“Keen on the idea that pay is something you earn for yourself,” a liaison connects roasters and coffee shops nationwide / Yui Fujii

Yui Fujii

In April of 2019, “coffee brewing was in, and I feel I was really swept up in that trend.” Interested in cafés, she joined the staff at HOOP, a café which also sells coffee beans. In November 2019, following the establishment of TYPICA, a promoter of direct trade between coffee producers and brewers, she was spearheading efforts to expand into new markets. Now in her third year on the job, Yui Fujii tells us the story of how she found her niche.

During study abroad, discovering her ideal self

Although Yui had no particular interest in the beverage before, coffee really caught her attention during the winter of her university sophomore year. It happened during a four-month study abroad trip to New Zealand.

“When I went to a local café, I was taken by the way there seemed to be no barriers between customers and staff. It wasn’t stiff like Japan. Everyone was so open and friendly! I began to feel like I wanted to work in a café where I could build those kinds of relationships.”

She chose New Zealand for its “easy-going culture and abundant natural beauty.” During her homestay, she often found herself comforted by the warmth and friendliness of the people there.

“Two or three times a week, family members would hold potluck parties and watch rugby together. I got the impression that people in New Zealand spend a lot of time with family.

Even in daily life, for instance, by telling the driver “thank you” as they exit the bus, people regularly exchanged words of gratitude even with strangers. I found this heartwarming.”

She had put little thought into choosing a university, and she held no clear vision for her future. For Yui, New Zealand was the place where she first saw “the road she wanted to follow.”

“Thanks to the people there, I found more than just a job I wanted to do. I found a way of life and realized what kind of person I wanted to become.”

“Growth” becomes apparent over time

Yui returned to Japan, and when she went looking for a café to work at, she found “HOOP.” More than simply selling coffee beans, they saw coffee as a path to a whole new lifestyle (https://hoop.coffee/concept/ ). She was drawn to the concept. However, when Yui first started working there part-time, she suddenly found herself in a perplexing situation.

“Early on, Mr.
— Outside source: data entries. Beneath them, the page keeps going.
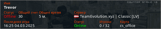 Играет на Counter Strike 1.6 сервере. Страна: ЛатвияПервый раз замечен 16:23 04.03.2025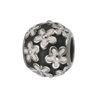 K0103 Navlékací ocelový přívěšek korálek s kytičkami - květiny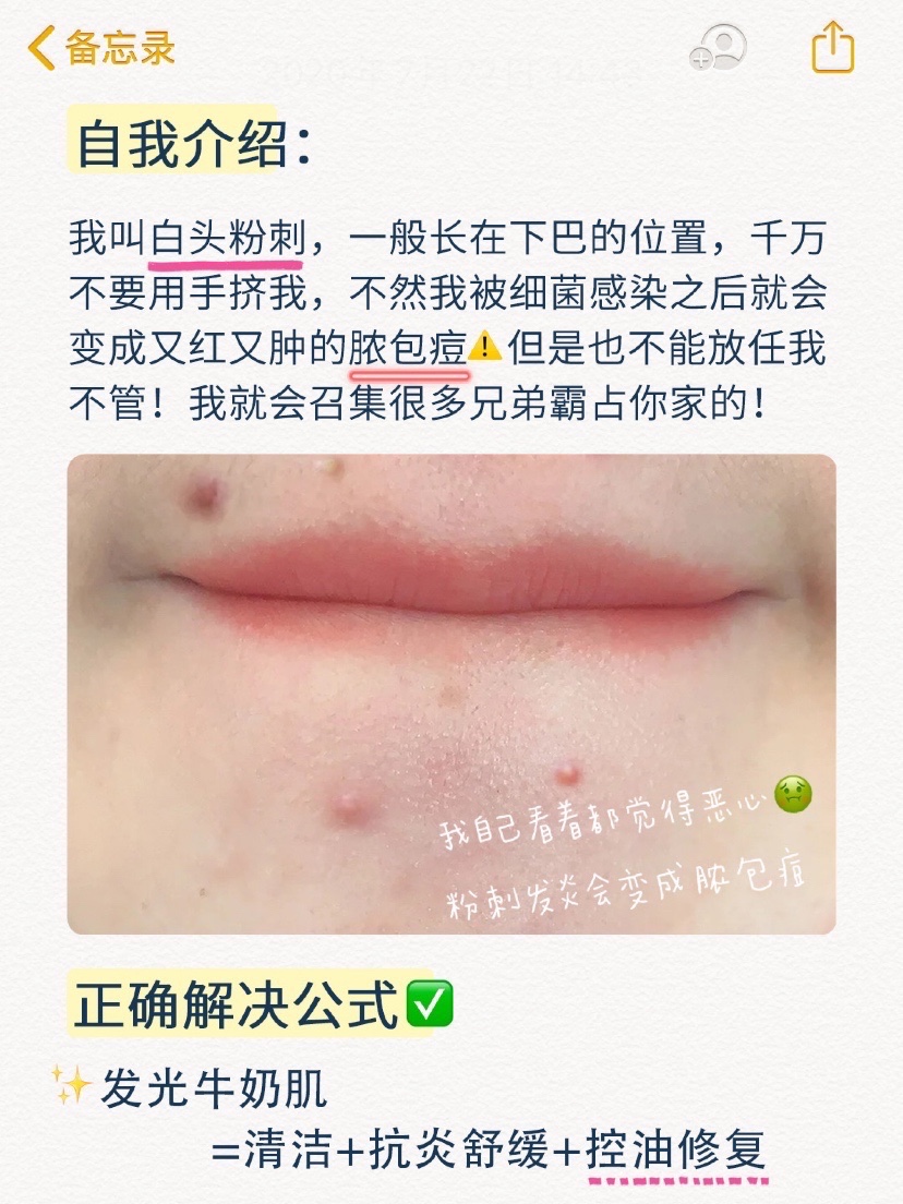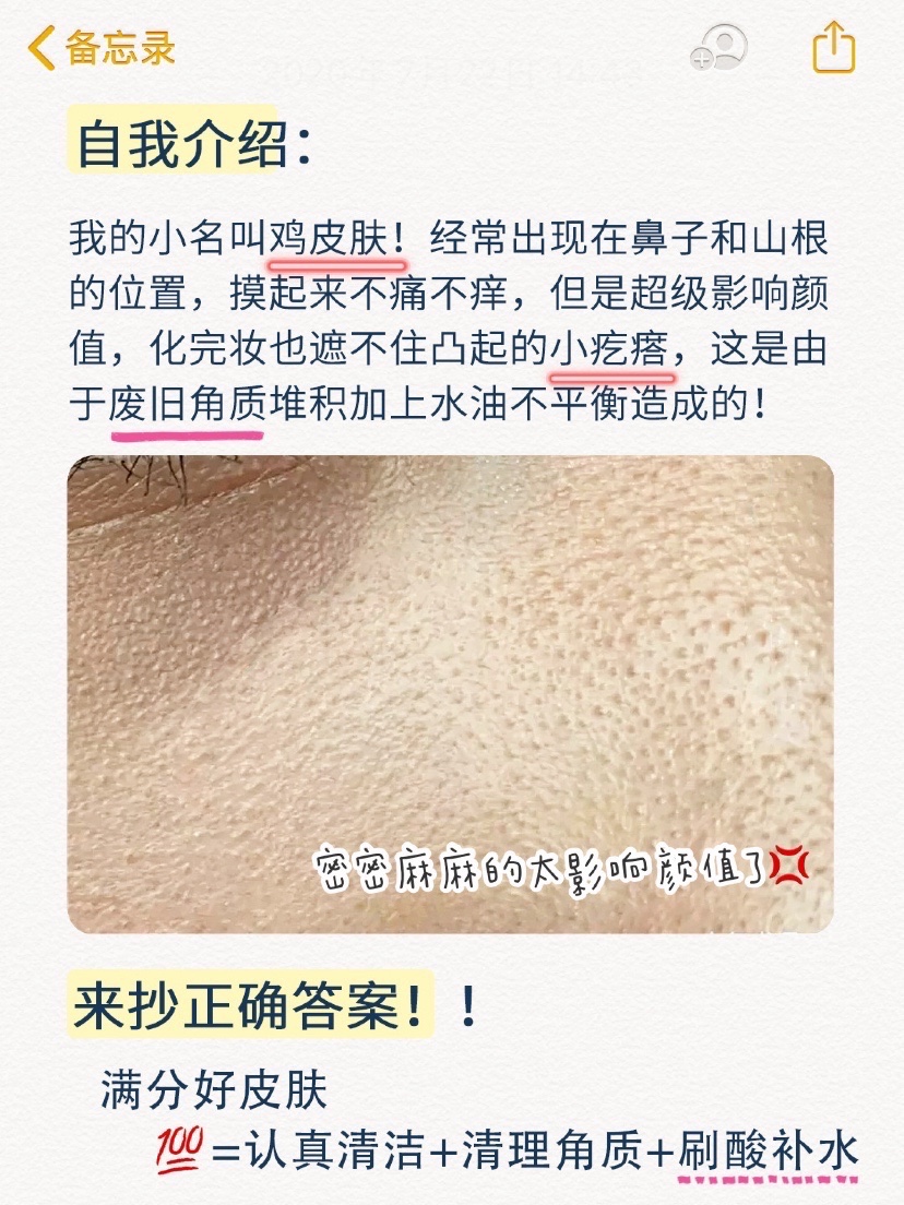 从高中开始就发现脸上长了像鸡皮疙瘩一样的小颗粒刚开始还以为是闭口呢,用粉刺针挑过,结果什么也没挤出来!虽然不痛不痒,但是有个致命的问题就是平时化妆完全遮不住,超级明显,还特别卡粉,快被自己丑哭了!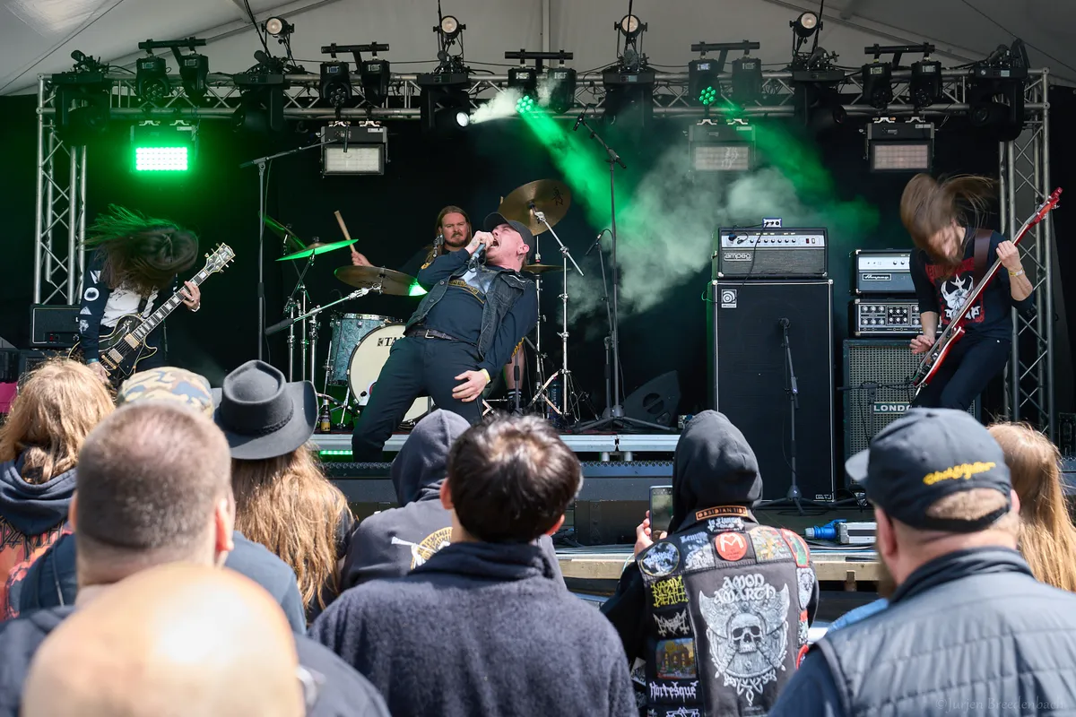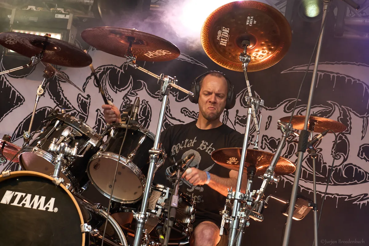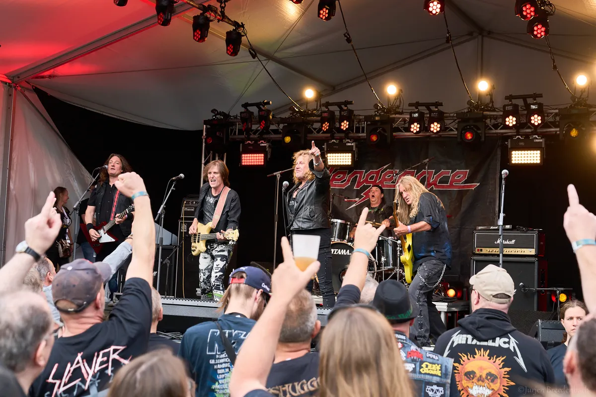 Naast alle death, doom en thrashmetal is er voor de afwisseling Vengeance. De zon breekt door wanneer Vengeance de set aftrapt met het nummer Take It Or Leave It. Deze heavy-metalband is opgericht in 1983 door Arjan Lucassen. Hoewel de samenstelling van de band door de jaren heen meerdere keren veranderd is, blijft de sound toch echt wel staan. Mensen genieten zichtbaar van energieke show die de heren vanavond neerzetten. De band heeft veel betekend voor de Nederlandse metal scene en ook vanavond staan de trouwe fans vooraan alles mee te zingen. De muziek doet sterk denken aan bands als Led Zeppelin, Deep Purple en AC/DC, maar Vengeance heeft toch wel een unieke sound gecreëerd. Tijdens de afsluiter Rock ’n Roll Shower gaat iedereen nog even helemaal los. Het publiek is goed opgewarmd voor de rest van de avond. (Sannette de Groes)

Goto, the manager, asked me “How much do you want to be paid?” He went on, speaking very frankly, “Your pay is what you earn for yourself. So, if you’d like all of the money from the sales you make, that’s OK (even if it’s a lot)!” I was at a loss for words.” She laughs. “Since Mr. Goto was fully transparent with me about things such as the amount of daily sales, the cost of rent, and labor expenses, I feel I started to develop a sense of ownership in my work.”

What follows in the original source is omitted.